There are several options in this case. One method is to
follow the scheme presented in the main description of shutdown
above. This is more work for the Daemon and requires more coding
effort, but is easier for users and for booting multiple DMS's
within the same Multics invocation for development testing.
The most convenient solution for development is to only be
concerned with users having active transactions. Since DMS
shutdown will usually coincide with Multics shutdown, the DMS
will not be re-booted to cause segment faults in the inner ring
for a user without an active transaction at DMS shutdown time.
If the DMS is re-booted, a warning could be sent to all users to
new_proc or call the user_shutdown entry in transaction_manager_.
It would also be possible to handle segment faults in the
inner ring code, but the faults would require considerable
analysis. There are better ways to use our time.

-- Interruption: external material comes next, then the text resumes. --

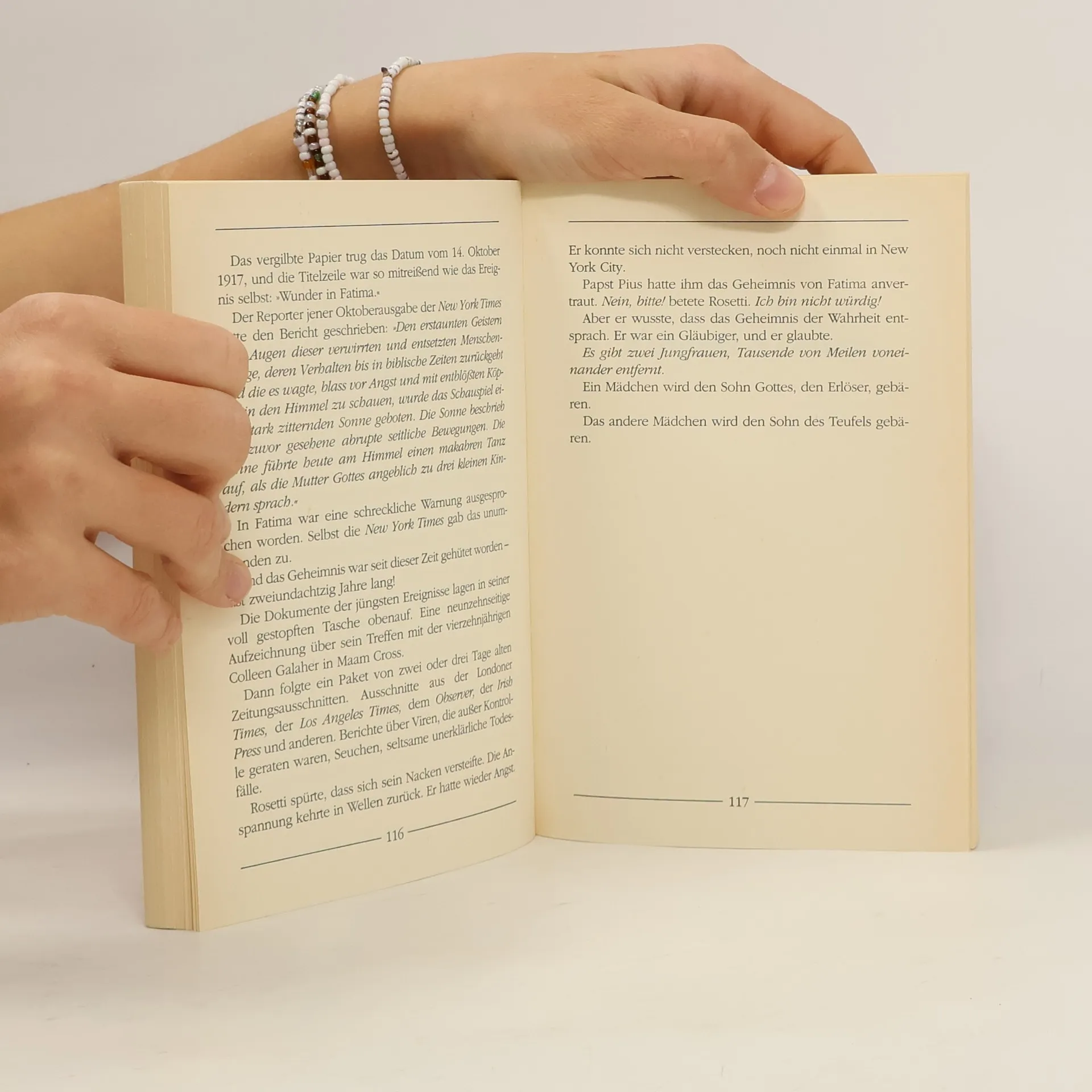 Als die 16jährige Kathleen Beavier plötzlich schwanger wird, sind ihre Eltern entsetzt. Doch noch mehr verstört sie die beharrliche Aussage ihrer Tochter, niemals mit einem Jungen geschlafen zu haben. Und auch die Untersuchungen mehrerer Ärzte ergeben ein eindeutiges Bild: Kathleen ist immer noch Jungfrau! Der Bostoner Kardinal beauftragt die ehemalige Nonne Anne Fitzgerald, der Sache auf den Grund zu gehen. Denn vor achtzig Jahren wurde die Geburt eines göttlichen Kindes prophezeit. Auch der Vatikan schickt einen Mitarbeiter, Nicholas Rosetti. Dieser ist Anne Fitzgerald in einem voraus: Er weiß, daß in Irland eine vierzehnjährige Jungfrau ebenfalls ein Kind erwartet. Und er weiß auch, dass eines der beiden Kinder der Sohn Gottes, das andere das Kind des Satans ist ...

7.2 IPS' (inter-process signals) Ignored
It is possible for the user to mask the
"dm_shutdown_warning_" and "dm_user_shutdown_" IPS'. In this
case, the user process may never recieve the shutdown warning or
call the user_shutdown entry. This is an unavoidable problem
with the way things are done. The Daemon certainly cannot wait
forever for the user process to respond. The first step is to
simply ignore the fact an active transaction still exists when
the time comes for the Daemon to logout.
MTB-634 Multics Technical Bulletin
DM: Shutdown
An alternative solution is for the caretaker Daemon to
forcibly take over any transaction not abandoned by a user
process which ignores the "dm_user_shutdown_" IPS. The Daemon
would process those transactions given up voluntarily first, and
then takes over any left over. In addition, users without
transactions, but with DMS per-system bootload tables initiated
must be "kicked out". This all amounts to running
transaction_manager_$user_shutdown for a user (I wonder if we can
charge extra for this?). This will require some modifications to
transaction_manager_ to be able to take over transactions; and
will probably also increase the Daemon's working set to keep
pointers to all users' per-process data in the DM ring. There is
a minor advantage to this: force takeover could allow for future
handling of transaction timeouts by the Daemon on an active DMS
to ease holding of before journals, deadlocks, etc.

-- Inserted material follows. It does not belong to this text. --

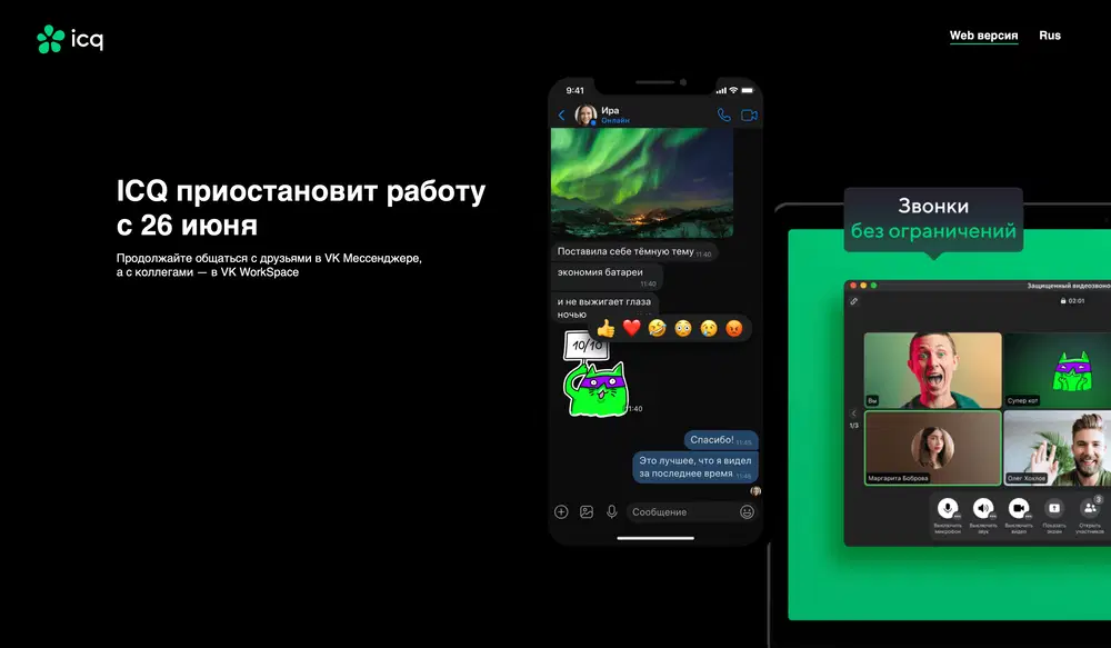 Компания рекомендует пользователям ICQ сохранить свои данные, переписку и файлы на компьютере, а также переходить на использование «VK Мессенджера». В сообщении на сайте ICQ указано, что сервис завершит свою работу 26 июня, и что сотрудники ICQ присоединятся к командам других проектов VK.

Another solution is to force the user to logout, which will
cause the Daemon to be notified that the TDT entry for the
process needs cleaning out. This is a rather drastic situation
that only matters if the DMS is being shutdown, but Multics will
stay up, and the DMS re-booted later in the same Multics
invocation. If the force takeover of user transactions and force
invalidation of user DMS data method is used, this method is
unnecessary. If required, a temporary interface interface with
the Initializer to destroy the process could be created.
7.3 Hardcore Changes to support new IPS'
This is not strictly a problem, just a subtask of the
strategy presented above. Two new IPS need to be created and
static handlers written to take care of the signal. In addition,
some programs that deal with the character representation of the
IPS names must be modified (e.g. sys_info, create_ips_mask_);
and the default static handlers must be setup in all stacks
greater than the DM ring (except when the DM ring IS the user's
login ring, mods. required to make_stack_).

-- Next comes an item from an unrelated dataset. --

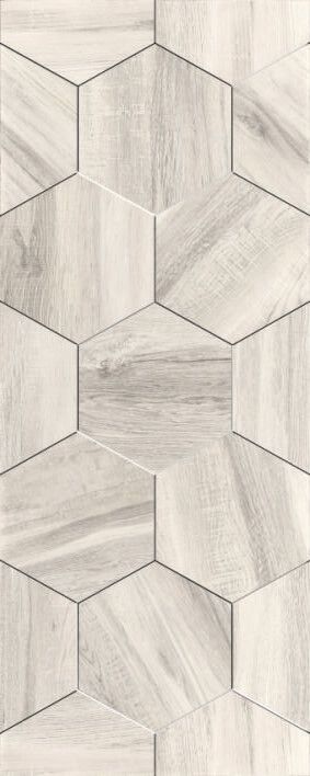 Настенная плитка Миф 7 20х50 см, толщина 9.5 мм, цвет бежевый, поверхность матовая, рельеф - геометрия, шестиугольники, фактура под дерево. Коллекция керамической плитки Миф от Керамин (Беларусь).

It is also being proposed that the four character limitation
on the name of an IPS be expanded to 32 characters. This gives
us the ability to name the IPS' according to function more
clearly and make them self-documenting. Instead of the "dmw_"
and "dms_" signals with the four character restriction, we get
"dm_shutdown_warning_" and "dm_user_shutdown_".
The system programs dealing with IPS are limited enough that
the above changes should not be hard to do.